I awoke at the early hour of 6:30am to go to the gym - cliche, I know. I couldn't help but stop myself as I walked to the elevator and saw out the window what was, for many LGBTQ Cubans, a mirage. Something that the eyes may see but the heart can't quite believe. 


This is a photo taken in front of our hotel, La Quinta Avenida in Miramar. Among the many flags seen, including those of Russia, USA and Cuba, flies the pride flag. Proudly flowing in the wind, in front of one of the newest and more prosperous hotels in Havana (and a state-run entity), is a symbol of LGBTQ equality that is seldom seen on such public display. Having been only a very small part of this event, I can't do justice in words or any other medium to properly honor the importance of this symbolic act. 

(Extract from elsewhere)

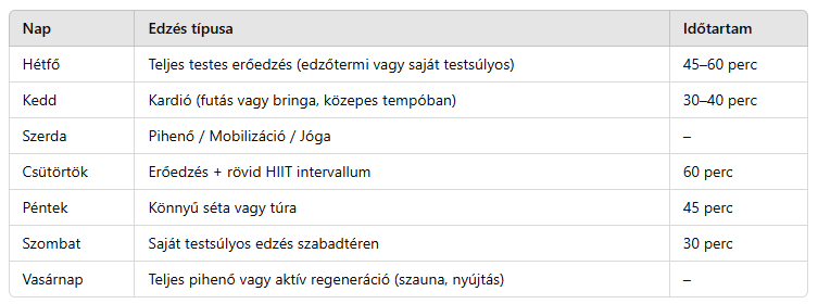 Heti 2-3 erőedzés ajánlott, teljes testes bontásban. Fókuszban: nagy izomcsoportok (mellkas, hát, comb, váll). Az alapgyakorlatok: fekvenyomás, guggolás, evezés, húzódzkodás, ismétlésszám: 8–12 közepes súllyal, 3-4 sorozat.

It was not just the flag that struck a chord with me today. GMCW had the privilege of hearing and performing for the Mariana de Gonitch Chorus at Casa de la Amistad (the house of friendship).


There, a special thing happened. One of the songs from Mariana de Gonitch was also on our set list. Impossible Dream is a song that knows no borders - political or social. Our new Cuban friends belted it out with passion, sharing their experience and dreams. About an hour later, the Gay Men's Chorus sang a haunting a capella arrangement, sharing a different version of the same dream. You could hear a pin drop and you could see both Cuban and American tears being shed in the mutual understanding.

Later that night, we ended up in the Regla neighborhood where a few original Buena Vista Social Club members train and perform with the next era of Cuban Jazz musicians. The concert, emcee'd by a fabulous woman I can only describe as the Cuban Bea Arthur, featured a series of old guard singers who seemed to increase with talent, energy and dance moves as they grow older. Most of them were in their eighties (according to our emcee)!



In a spontaneous moment, Bea Arthur introduced the Gay Men's Chorus to the whole audience and invited is up to sing. It was a recognition not only of us as musicians, but of the advancing acceptance of LGBTQ people in Cuba. It is moments like these that we hope will occur more in the following week, and well beyond our time here.